For showing the double series $\sum_{i,j \in \mathbb{Z}^+}\frac{1}{i^2 + j^2}$ diverges, I can compare the partial sums with the double integral:
$$\sum_{i=1}^I\sum_{j=1}^J\frac{1}{i^2 + j^2} > \int_1^{I+1}\int_1^{J+1} \frac{dxdy}{x^2 + y^2}$$
and take limit of the integral as $I,J \to \infty$. I know that $dxdy/(x^2+y^2)$ behaves like $rdrd\theta/r^2$ in polar coordinates so the integral should diverge like $\log(r)$ as $r \to \infty$.
I'm having trouble seeing how the region $[1,I+1]\times[1,J+1]$ is transformed in polar coordinates and I'd like to see a rigorous proof that the integral diverges.
Thank you.
Best Answer
Assuming WLOG that $J \leqslant I$ and changing variables as $x = 1+s, \, y = 1+t$, we have
$$\begin{align} A_{I,J}=\int_1^{I+1}\int_1^{J+1} \frac{dx \, dy}{x^2 + y^2}\end{align} \geqslant \int_0^{J}\int_0^{J} \frac{ds \, dt}{s^2 + t^2 + 2(s+t) + 2}$$
Now switch to polar coordinates $s = r \cos \theta, \, t = r \sin \theta $.
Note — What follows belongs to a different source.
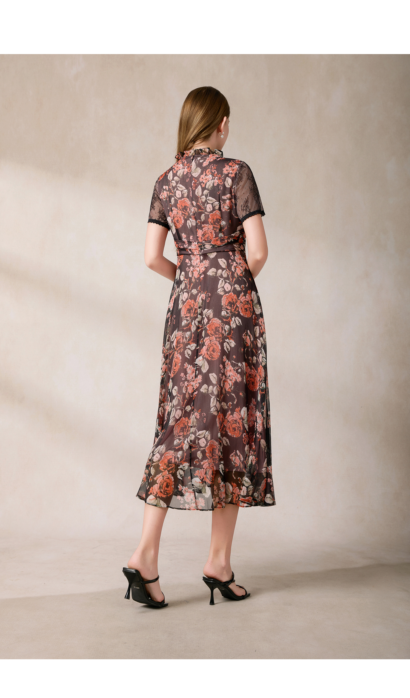 司歌渐变网纱长袖春秋连衣裙A921097X

The sector $S = \{(r,\theta): 0 \leqslant r \leqslant J, \,0 \leqslant \theta \leqslant \pi/2\}$ is a subset of the square $[0,J]^2$. Since the integrand is nonnegative and $1 \leqslant \cos \theta + \sin \theta \leqslant \sqrt{2}$ for $0 \leqslant \theta \leqslant \pi/2$ we have
$$\begin{align}A_{I,J} &\geqslant \int_0^{\pi/2}\int_0^J \frac{r\, dr\, d\theta}{r^2 + 2r(\cos \theta + \sin \theta)+2}\\ &\geqslant \int_0^{\pi/2}\int_0^J \frac{r\, dr\, d\theta}{r^2 + 2\sqrt{2}r+2} \\ &= \frac{\pi}{2}\int_0^J\frac{r}{(r+\sqrt{2})^2} \, dr \\ &=\frac{\pi}{2}\int_0^J\frac{1}{r+\sqrt{2}} \, dr - \frac{\pi}{2}\int_0^J\frac{\sqrt{2}}{(r+\sqrt{2})^2} \, dr \\ &= \frac{\pi}{2}\left(\log(J + \sqrt{2}) + \frac{\sqrt{2}}{J + \sqrt{2}} - (1 + \log \sqrt{2}) \right)\end{align}$$
The RHS tends to $+\infty$ as $I,J \to \infty$.